In all my years in Wyoming I never attempted to play golf again, but I didn’t feel that I was missing too much. The weather was usually prohibitive and the courses that I was familiar with were not very scenic. My husband liked to play and enjoyed the game with his many friends all over the state.  So when he bought a golf glove, I wondered why; when he bought shoes, I thought he was going a bit overboard; and when he shelled out “big bucks” for a new driver and 3-wood – well you can imagine my dismay.

About a year ago I tried again to hit a little white ball off of a tee on a West Virginia golf course. This time I used a club from my youngest son’s junior set and had a few tips from my ever-patient husband. The club face came down and actually connected with the ball, it didn’t travel far but I was as giddy as if it had gone several hundred yards! Each consecutive attempt drew me further into a pastime that I hadn’t considered pursuing. Soon I had clubs (shared with my youngest), a hand-me-up glove (also from the youngest), and a good pair of golf shoes. Rule #3: Buy the correct equipment.

My husband and I play a few holes nearly every evening and we truly enjoy this activity together. I’m learning the rules and when scoring must take extra strokes for balls lost, hit out of play and into the pond.
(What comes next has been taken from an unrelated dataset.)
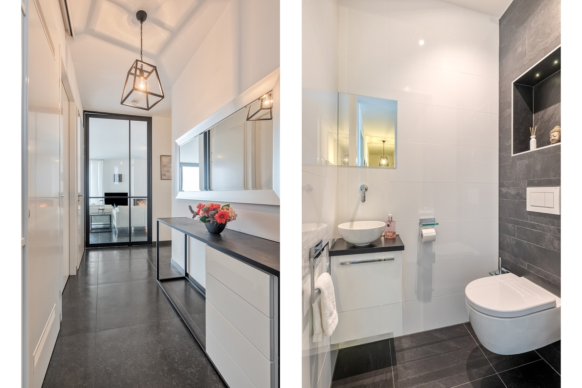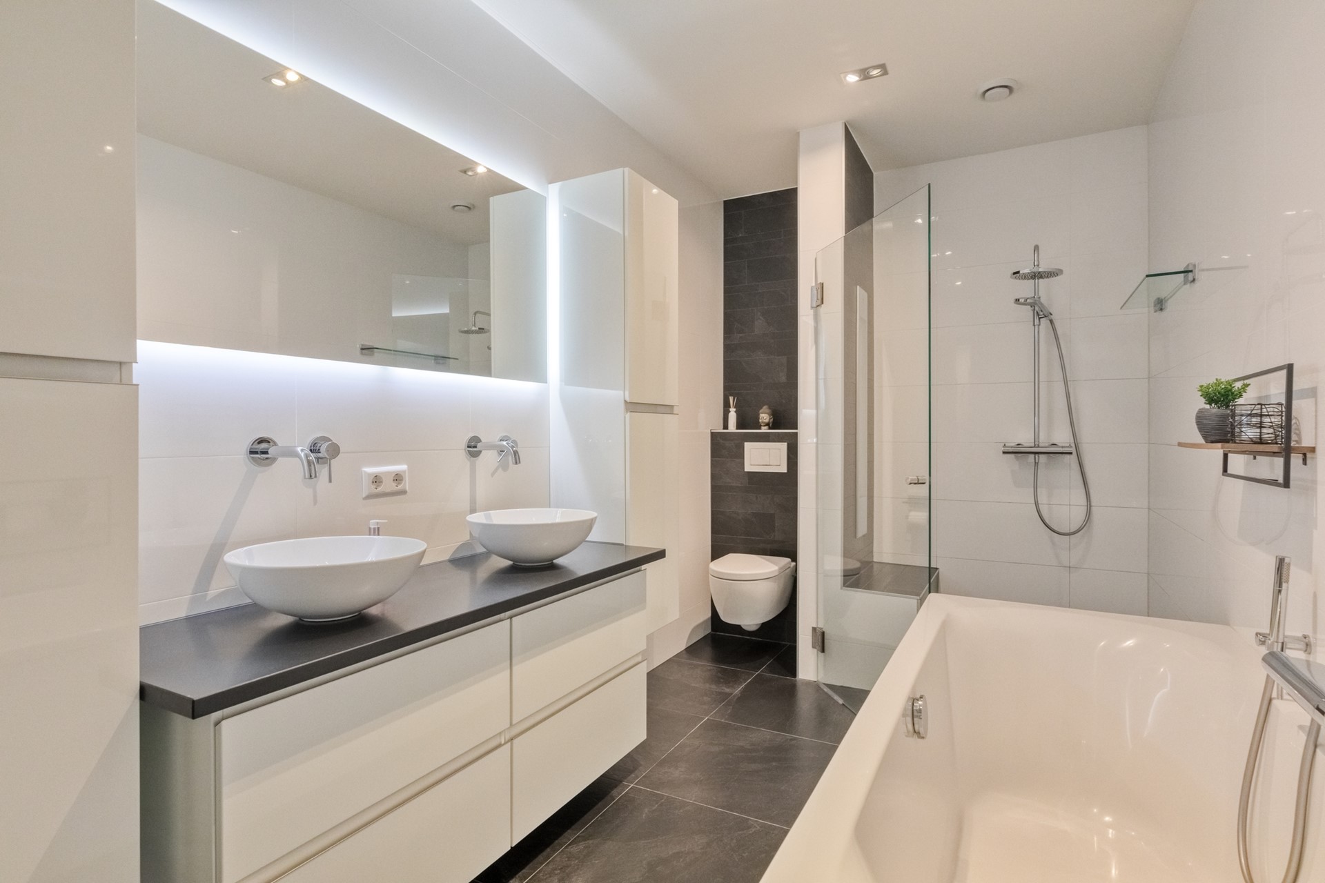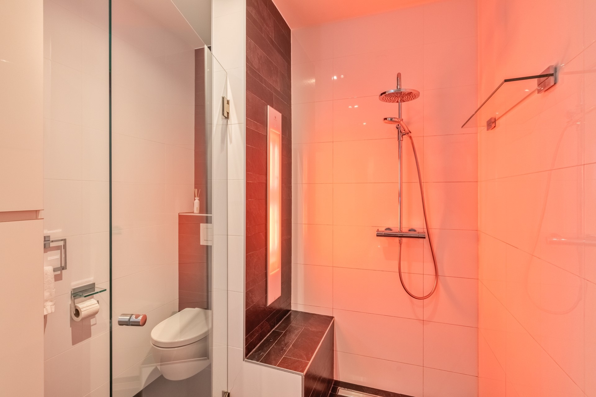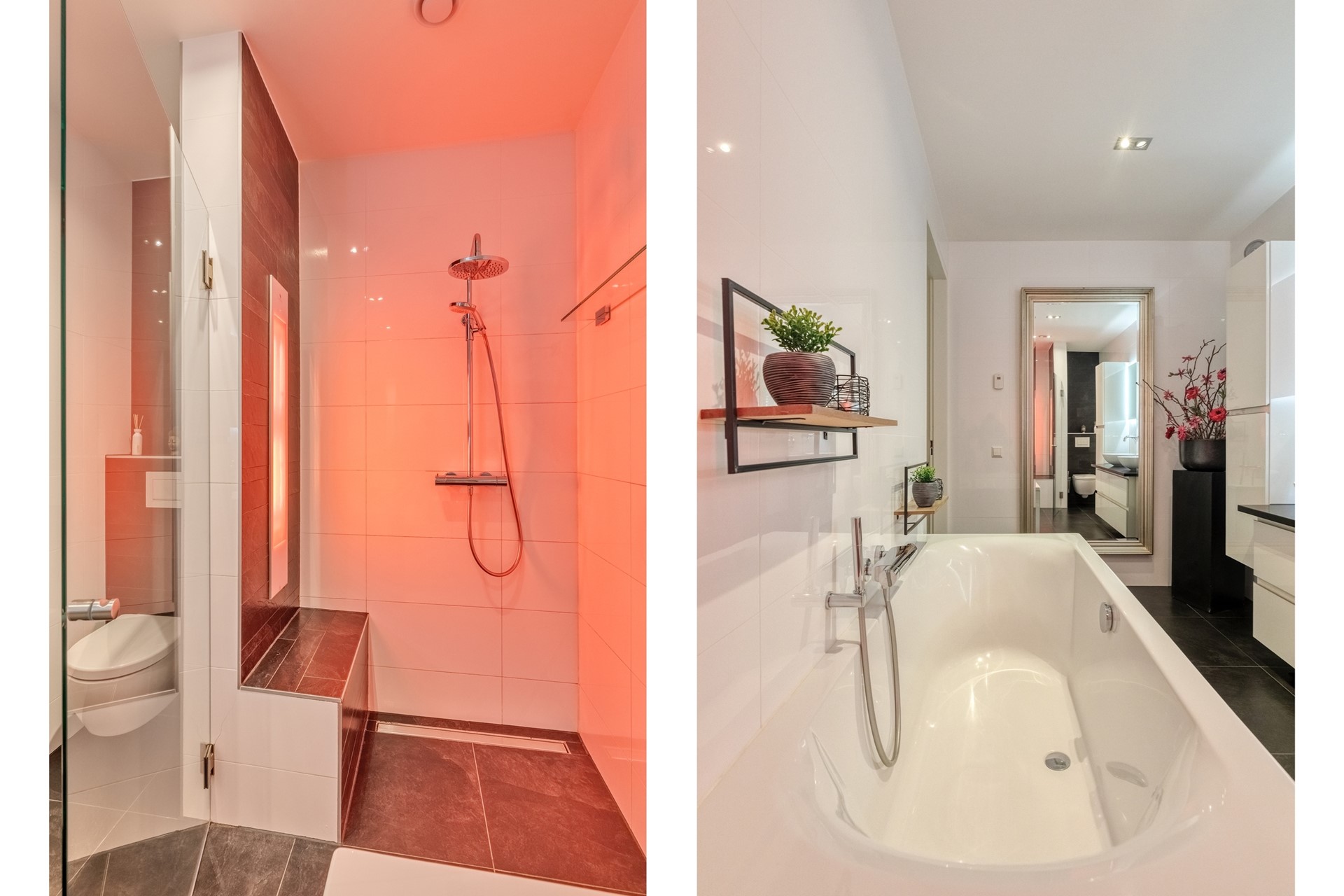 Uw eigen vijfsterrenbadkamer! Het ligbad, de Sunshower en vloerverwarming zorgen voor een ultiem hotelgevoel, elke dag opnieuw. De moderne badkamer is afgewerkt met een betegelde vloer, betegelde wanden een gestuct plafond. De badkamer is voorzien van een ligbad, inloopdouche met Sunshower (infrarood) en zitbankje (incl. vloerverwarming) , 2e toilet, badkamermeubel met dubbele wastafel.

The game is a sine curve of ups and downs for me, but the challenge of developing my game within the rules is enjoyable.  Rule #4: Follow the rules and have fun.

As you can see these rules of golf apply in pretty much any situation. Take a chance and try (or try again), get good guidance and tools, and maintain integrity for the best experience. I consider this life lesson while looking down on my ball in the tall grass of the rough.

“Go ahead and fluff that ball up a bit, everyone else does.” My husband suggests as I pull my 5-iron from the bag.

I reply, “Rule #13 – The ball must be played as it lies.”